Просыпается — красота какая в природе! Ветра как не бывало, гладь ровная, молочно-белая, и всё окрест окутано туманом в розовых лучах солнца восходящего. Возликовала душа беглеца, и погрёб он своей досочкой с новой силой. Всё веселее солнышко светит, сквозь туман пробивается, золотом отливает. Ветерок свежий — зефир утренний — чуть дохнул, туман рассеивается, расползается. И видно ему, горемычному, сквозь туман близкое очертание земли. Эх, да ни один путник, ни один корабельщик не радовался так виду желанной земли, как беглец бесталанный! Ах, ты земля, родная, твёрдая, прими сына своего блудного! Вот и берег, вот и свобода! Никому не удавалось достичь берега материкового, а ему счастье. Тут крепче дохнул ветерок и совсем туман развеяло. До чего ж хорош, весел берег перед ним! Вот камешки береговые, вот деревца стоят — ёлочки пушистые, а меж них рябинка алыми гроздями голубому небу кланяется. Вот и горка в отдалении возвышается зелёной шапкой. А вон белеется… — и сердце обмерло — белеются, белыми лебёдушками в воде отражаются церковки, Китеж-градом из воды выплывают, утренним солнцем осиянные… Да страшнее страшного узнику краса эта, чудная красота славного монастыря Соловецкого! Вот как! Пока он, измученный, в лодке спал, морским течением его на старое место вынесло — такие уж течения вкруг островов Соловецких, назад они тянут, на волю не пускают.
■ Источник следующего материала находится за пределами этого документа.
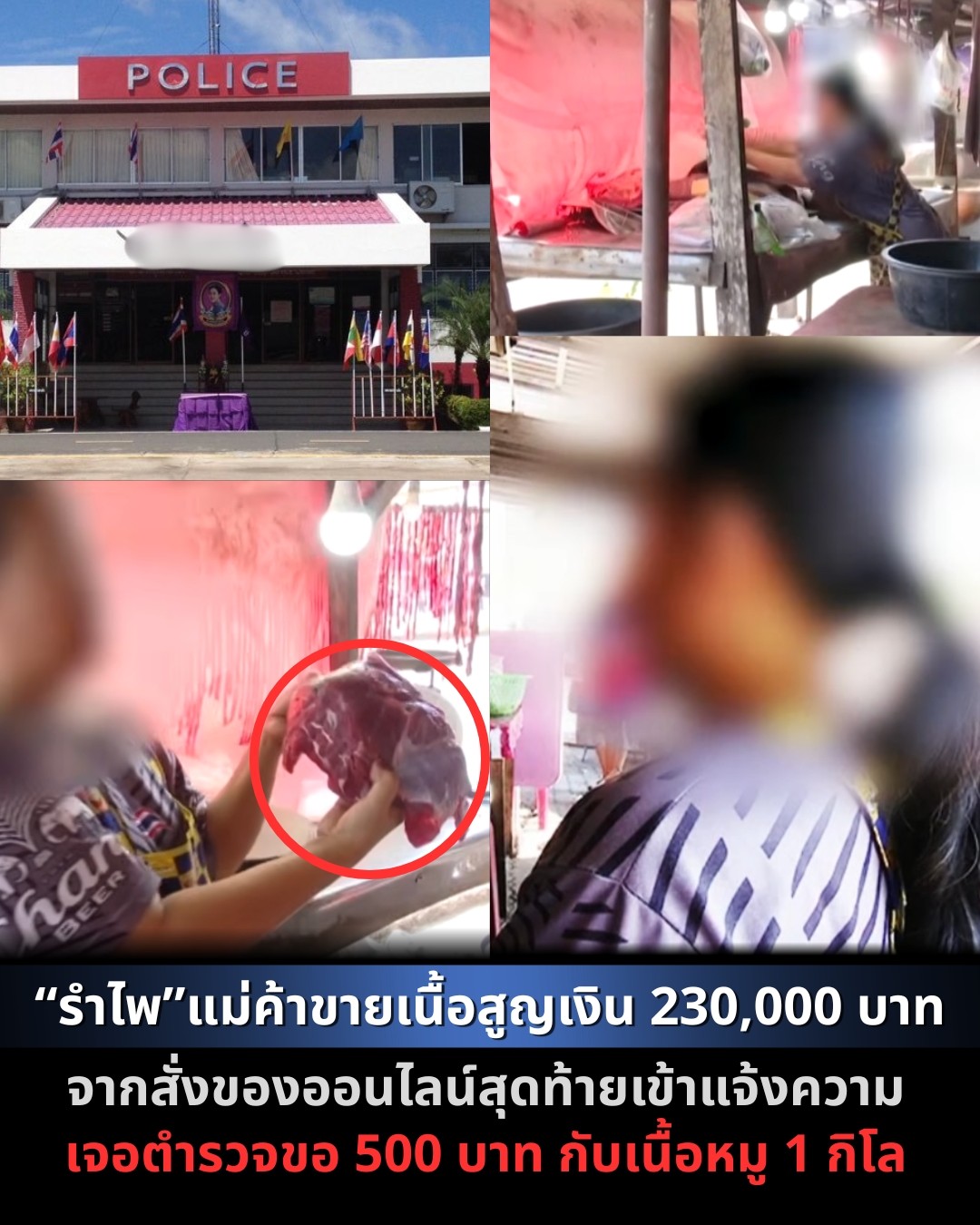 เคสโรงพักเพิ่มอีกราย “รำไพ” แม่ค้าขายเนื้อ สั่งของออนไลน์แล้วไม่ได้ของ ตัดสินใจเข้าแจ้งความ สุดท้ายโดนตำรวจ คิดค่าทำเอกสาร 500 บาท ก่อนบอกให้ลูกน้องขับรถมาเอาเนื้อหมูเพิ่ม 1 กิโล
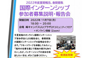 2022年度夏期報告、春期募集 国際インターンシップ 参加者募集説明・報告会を開催します(11/7) -
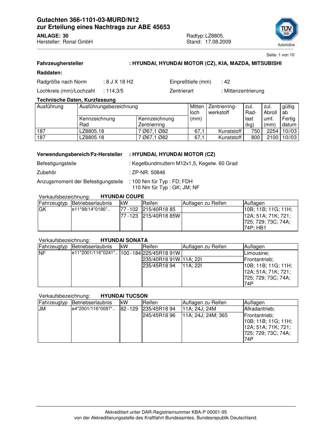 Dieses Gutachten (abe) bezieht sich auf die Alufelge Ronal LZ8805 in der Ausführung 8Jx18 ET 0, Mittenloch 0 mm (KBA 45653). Im PDF findest du typischerweise zulässige Reifengrößen, Auflagen/Anbauhinweise und – je nach Dokument – Hinweise zur Eintragung.
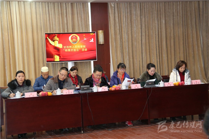 本網訊(記者 宋志勇 文/圖)“依照法律法規(guī)條款做好檢察工作。”“希望積極穩(wěn)妥推進改革,繼續(xù)深化檢務公開,不斷建強檢察隊伍。”“希望觸摸視頻在文字上更加規(guī)范?!薄跋M嵘夹g、培養(yǎng)人才,豐富形式、加強宣傳,建設基層、提檔升級。”“加大生態(tài)和食品關注力度?!边@是12月13日,應邀的20多位州人大代表、政協(xié)委員和人民監(jiān)督員在州檢察院開展的“檢察開放日”活動時,葉萌、魯健康、張建國等人大代表、政協(xié)委員和人民監(jiān)督員相繼提出意見建議。
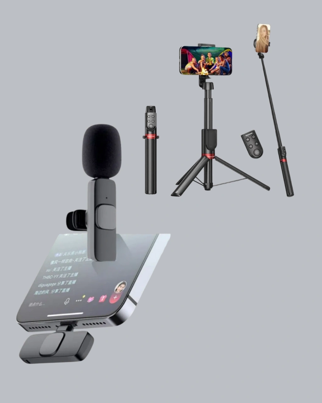 Bu set, profesyonel ses ve stabil görüntü arayan içerik üreticileri için özel olarak bir araya getirilmiştir. Çift mikrofonlu kablosuz yaka mikrofonu sistemi, iki konuşmacının bulunduğu çekimlerde dahi net ve dengeli ses kaydı alınmasını sağlar. iPhone cihazlarla tam uyumlu yapısı sayesinde alıcıyı Lightning girişine takmanız yeterlidir; mikrofonlar otomatik olarak bağlanır ve saniyeler içinde kullanıma hazır hâle gelir.360 derece ses alma teknolojisi ve gelişmiş gürültü azaltma sistemi sayesinde rüzgâr, ortam uğultusu ve arka plan sesleri filtrelenerek temiz ve berrak bir ses elde edilir. Tripodlu selfie çubuğu ise uzatılabilir gövdesi ve tripod ayakları sayesinde titreşimsiz ve stabil çekimler sunar. Uzaktan kumanda desteği ile fotoğraf ve video çekimleri daha pratik hale gelir.
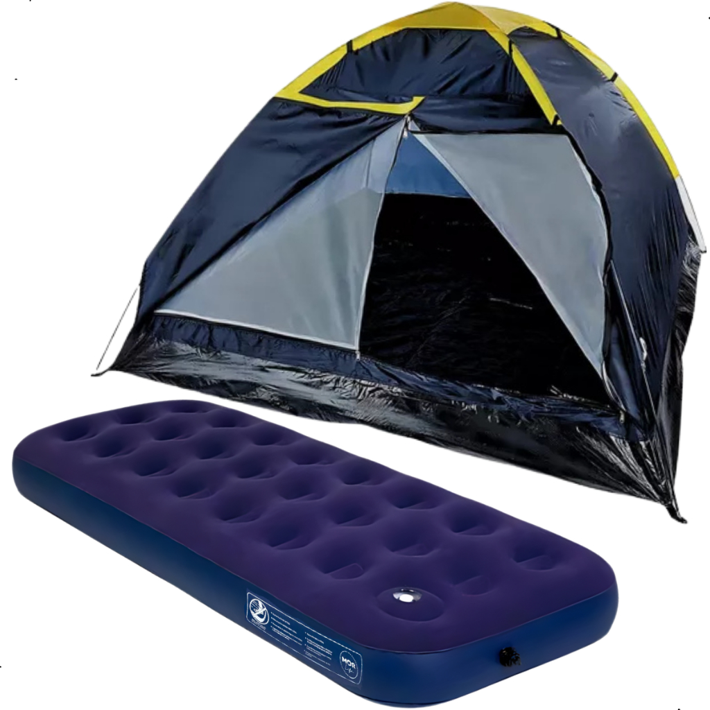 Para suas aventuras ao ar livre, o Kit Barraca San Valentin + Colchão Inflável Solteiro da Kala oferecem conforto e praticidade, transformando cada acampamento em uma experiência inesquecível!
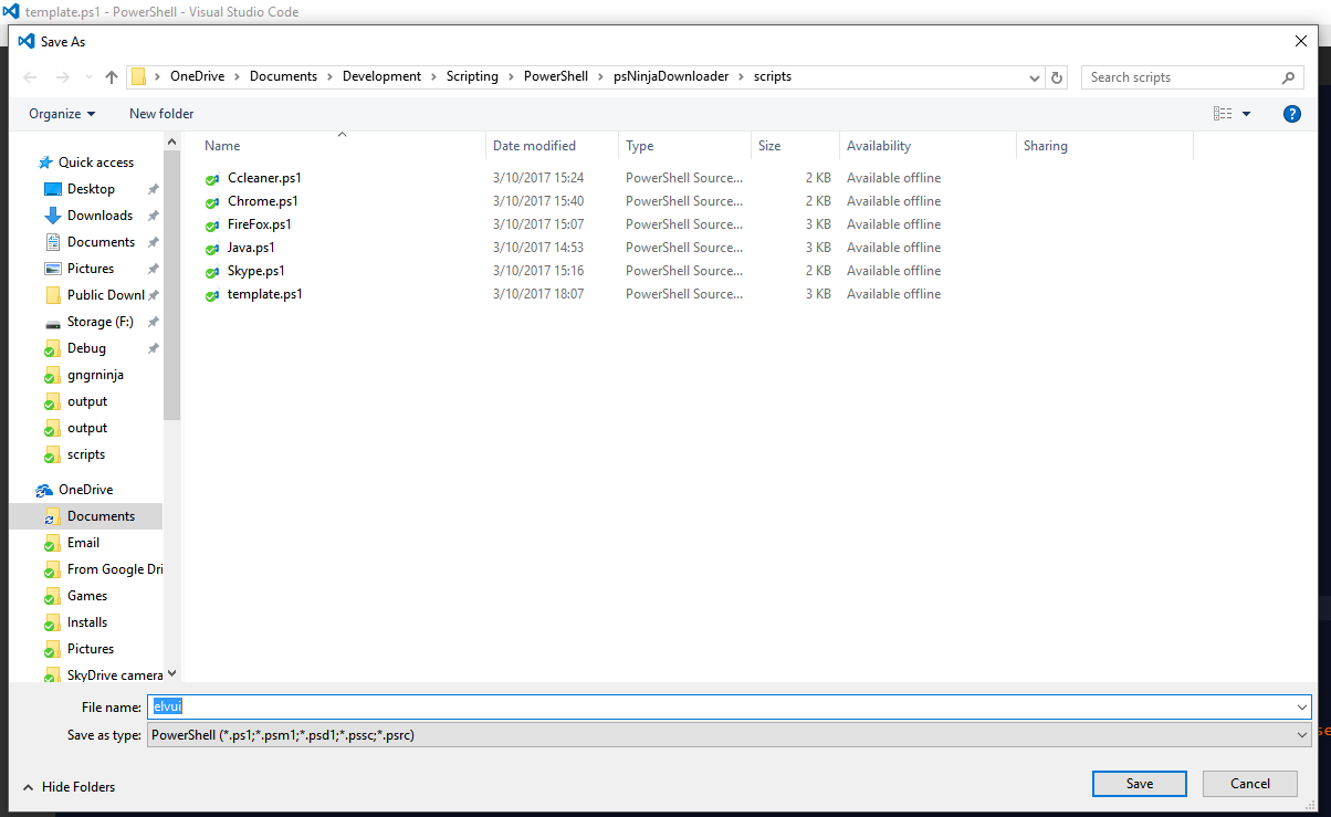 First, I'll save the template as elvui.ps1
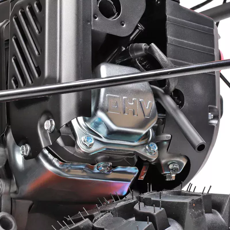 Все элементы управления расположены на операторской панели. Благодаря этому вы можете настраивать работу снегоуборочной машины одной рукой. Например, задавать скорость движения или регулировать дальность выброса снега. Снегоуборщик движется за счет трансмиссии, поэтому уборка территории не потребует от вас много сил. На ваш выбор есть 6 скоростей вперед и 2 назад.
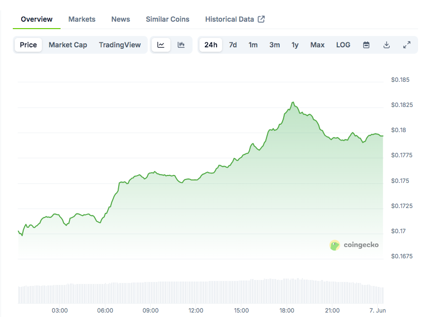 Based on recent data from CoinGecko, the Dogecoin price stands at $0.1798 as of June 6, 2025. It recorded a 5.42% increase in the last 24 hours. However, the token remains down 10.05% over the past seven days, reflecting earlier market volatility.
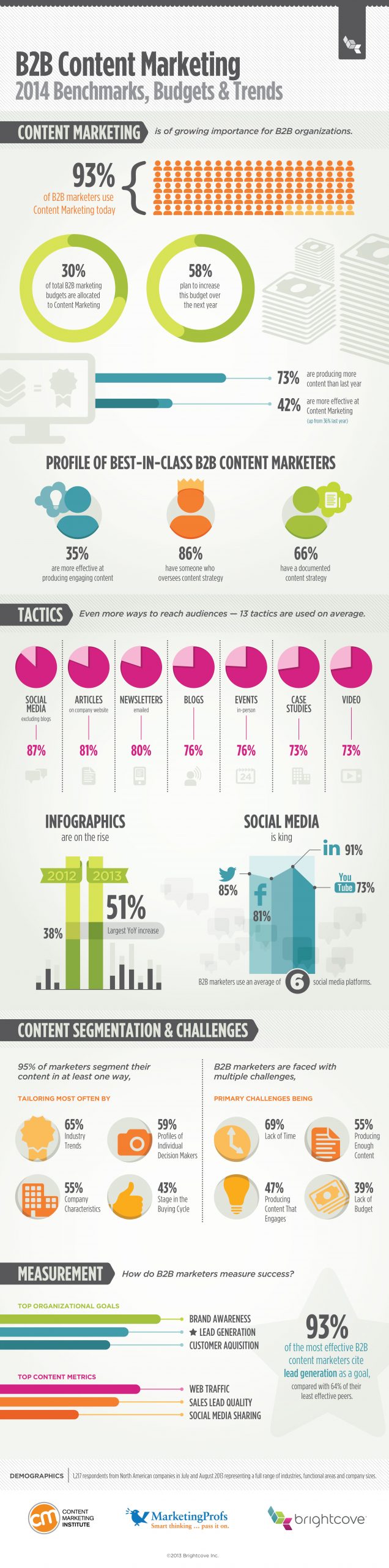 Infographic – Top Content Marketing Trends You Need To KnowNov 6th, 2013 · 0 CommentInfographic – Top Content Marketing Trends You Need To Know This infographic from the Content Marketing Institute shows how important it is to include content marketing as part of your marketing plans.The Key To Creating Successful Content Marketing35% of B2B leaders say their key is to create engaging content 86% of companies hire someone to manage their content marketing 66% swear by a specific strategy Top 7 Ways Companies Are Engaging Their AudiencesSocial media – 87% Articles specifically posted on their company website – 81% E-newsletters – 80% Blogs – 76% Live events – 76% Case studies – 73% Videos – 73% How important is content marketing as part of your business’ …
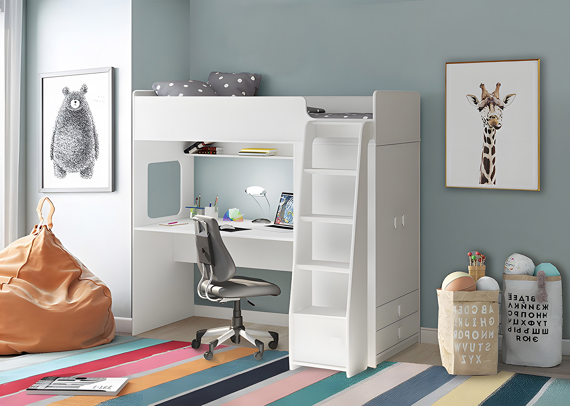Детская Буратино 1 отличное решение для детской комнаты. В кровать-чердак Буратино 1 есть всё для обустройства детского пространства. Есть шкаф для одежды и письменный стол. Обратите внимание на безопасную лестницу, по ней ребёнок сможет подниматься спать без угрозы упасть. -
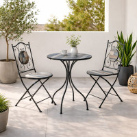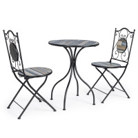 HOUSTON - Set bistrot tavolo con 2 sedie pieghevoli in acciaio verniciato e decoro ceramica stile rustico
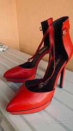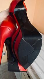 Eleganti scarpe rosse con tacco alto e plateau.
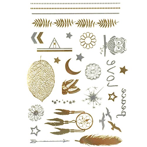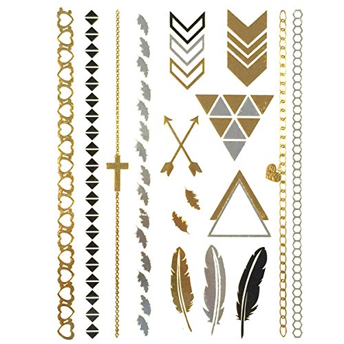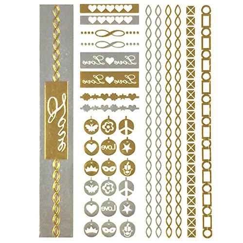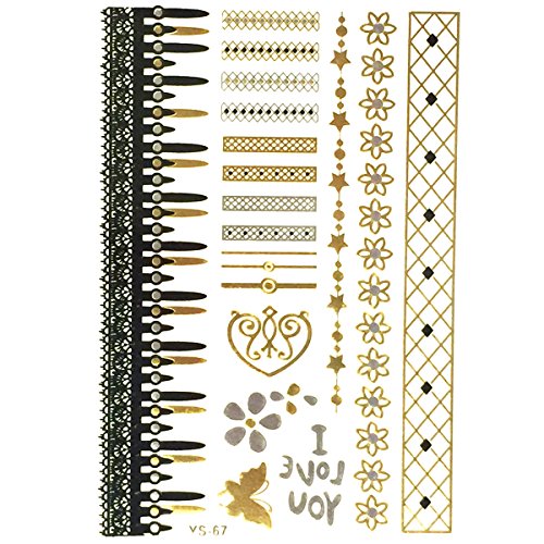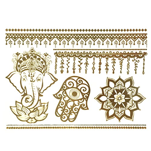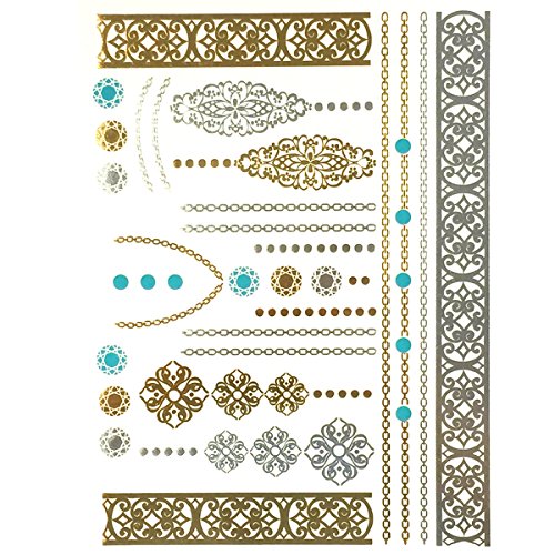 Get noticed with these beautiful and exotic temporary tattoos. Exquisite body art that is celebrity inspired, the tattoos can be used in place of jewelry. Available in metallic gold, silver, and black colors in a number of designs and patterns. Great for wearing at the beach / poolside, while clubbing, or to special events.

Уже видит он и фигурки на берегу, и голоса слышит — СЛОН пробудился, завозился — зовёт к себе каторга соловецкая. И тогда он, бедолага, перекрестившись, а может, и не крестившись, в воду кинулся… Так одну пустую лодку и нашли.

Бегали, многие бегали по острову. Иные чтоб только денёк на воле побыть, а потом будь что будет. Прежде-то, когда бабы на острове были, вместе бежали, чтоб любовью насладиться. За это полагалось: мужикам — Секирка, бабам — Зайчики. А потом проще стало — на месте стреляли. Конвою даже интересно было, когда бежали: оленей-то они всех перебили, за двуногим зверем стали охотиться.

И всё ж бежали, какие б строгости ни были. Всё одно ведь погибать. Прежде-то, как отсидишь срок, так отпускали, а теперь не слышно, чтоб кто-то на волю выходил, да и всем из нас срока навешаны такие, что одна всем воля — из зоны вперёд ногами… Как тут не бежать? Всё равно куда, везде одна дорога…

Вот и решился один такой. Загляделся он на красу соловецкую, на озёра тихие и не выдержал. Прямо с лесоповала и дёрнул. Да заметили его, погоню наладили. Стреляли в него, не попали, тогда собак вслед пустили. Он одно озеро переплыл, другое, в болоте покружил, запутал след. До ночи бегал, вымок и устал так, что ноги не несут. Думал хоть денёк на воле побыть, а видел только, как ветки мелькают, слышал, как вода чавкает и как псы злобные брешут по следу. Вот и воля: мокрому, усталому, голодному — всё одно в лесу погибать. А ещё дождичек пошёл, окладной, холодный, нет сухого места в лесу — хоть след беглеца он замыл, да что теперь с того? Сил нет идти и спрятаться под ёлкой невозможно — липнет мокрая одежда к телу, трясёт и знобит его. Уже идти не может, ползёт он. Ползёт, ползёт, в глазах туман кровавый… или это ему в тумане огонёк показался? Ещё прополз и видит — прямо перед ним дыра в земле светится. Смотрит туда и видит: землянка и есть в ней кто-то. Пригляделся: теплится перед образом лампада, стоит на коленях старец с белой бородой до земли, а рядом гроб. У беглеца сил нет слово произнести, вскрикнул он слабо и тут же чувств лишился…

А ты, писатель, меня не перебивай, не говори, что я всё к божественной инстанции свожу. В сказе этом есть смысл, сам поймёшь… Не сержусь, ни на кого я теперь не сержусь… Только вот что я думаю. На воле ты, писатель, что тенор знаменитый Леонид Витальевич Собинов или гениальный бас Фёдор Иванович Шаляпин, все тебя слушают и аплодируют, а в походе солдатам не тенор нужен, не бас, а запевала, а в каторге трепач вроде меня, вот меня и слушают. И ты слушай, коли любо.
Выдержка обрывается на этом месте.